--- Your task ---
With the pictures left aside, write out the entries that follow exactly.

[Source records]
===============

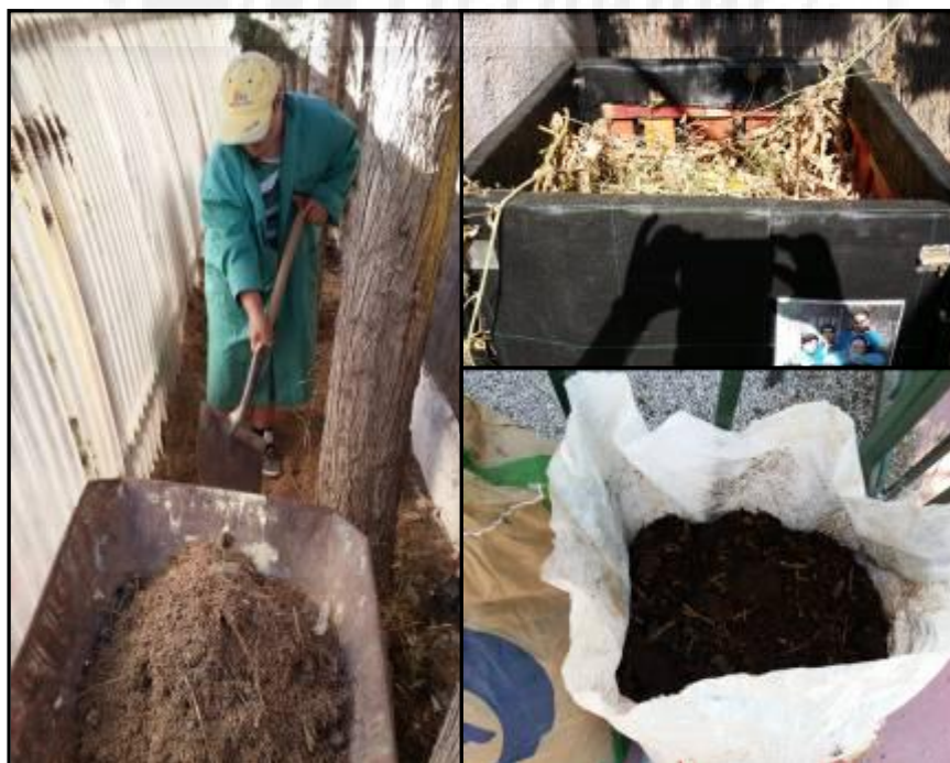
Imagen 6: Restos de hoja de ciprés, materia orgánica en la compostadora y estiércol de ovino.
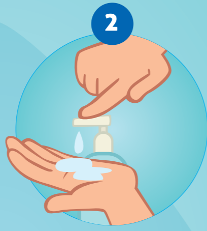
2 ZEEP NEMEN
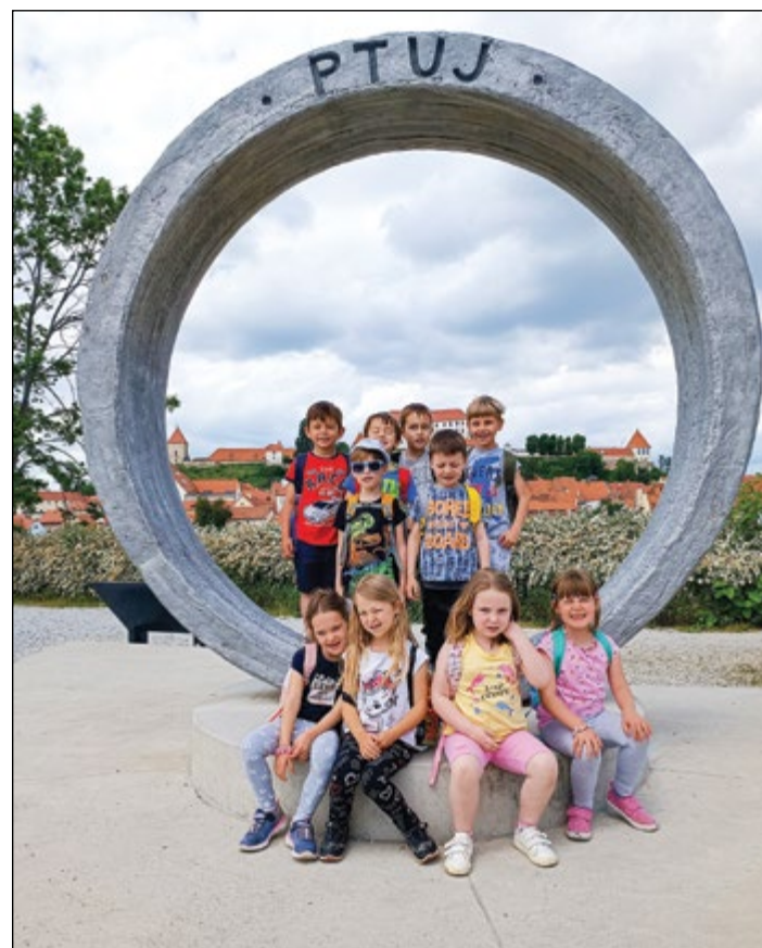
Skupaj v ptujskem prstanu

A kaj, ko so se nam očke ob prijetnem branju pravljice kar same od sebe zaprle. Zdi se mi, da sem za lahko noč dobil poljubček na lica, a sem že sanjal o tem lepem dnevu. Zjutraj so nasmejani otroci odhiteli v umivalnico, poskrbeli za jutranjo nego in se ponovno zbrali ob jutranjem obroku.
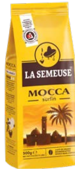
100 110 50 MOCCA SURFIN Grains | Bohnen (500g)
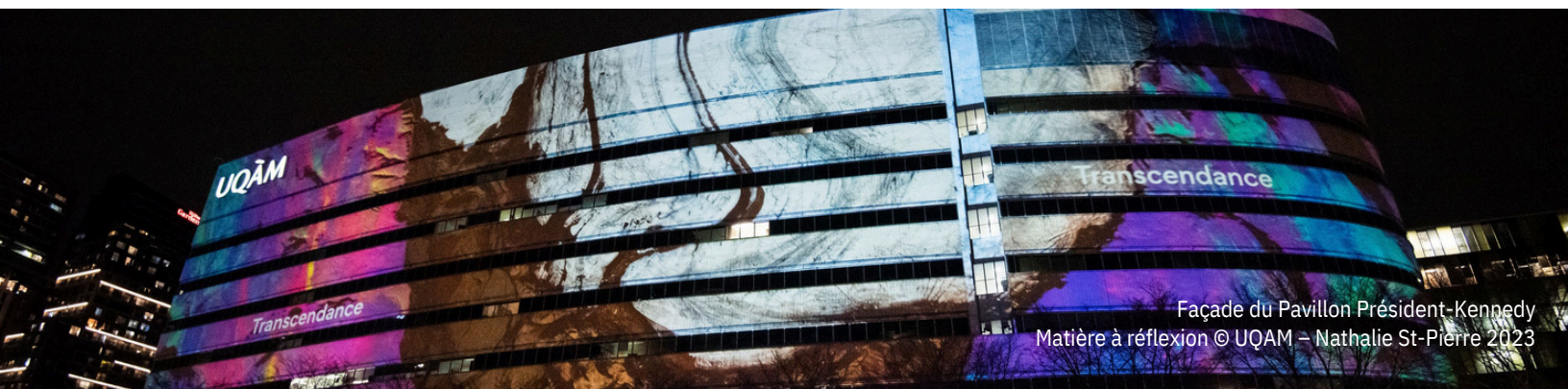
Façade du Pavillon Président-Kennedy Matière à réflexion

Un plan schématique de la toile de fibre optique opéré par le PQDS est disponible ici: Carte réseau fibre optique
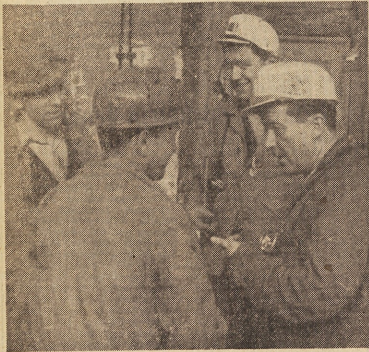
Zadnji pomenek rudarjev pred odhodom na delo v jamo.

Učinki idrijskih rudarjev so že zdaj izredni. Rudar v Idriji izkoplje na »dnino« 4,5 tone rude. Po svojem učinku je za seboj pustil že italijanske rudarje v rudnikih živega srebra.

===============

--- Exercise result ---
Imagen 6: Restos de hoja de ciprés, materia orgánica en la compostadora y estiércol de ovino.
2 ZEEP NEMEN
Skupaj v ptujskem prstanu

A kaj, ko so se nam očke ob prijetnem branju pravljice kar same od sebe zaprle. Zdi se mi, da sem za lahko noč dobil poljubček na lica, a sem že sanjal o tem lepem dnevu. Zjutraj so nasmejani otroci odhiteli v umivalnico, poskrbeli za jutranjo nego in se ponovno zbrali ob jutranjem obroku.
100 110 50 MOCCA SURFIN Grains | Bohnen (500g)
Façade du Pavillon Président-Kennedy Matière à réflexion

Un plan schématique de la toile de fibre optique opéré par le PQDS est disponible ici: Carte réseau fibre optique
Zadnji pomenek rudarjev pred odhodom na delo v jamo.

Učinki idrijskih rudarjev so že zdaj izredni. Rudar v Idriji izkoplje na »dnino« 4,5 tone rude. Po svojem učinku je za seboj pustil že italijanske rudarje v rudnikih živega srebra.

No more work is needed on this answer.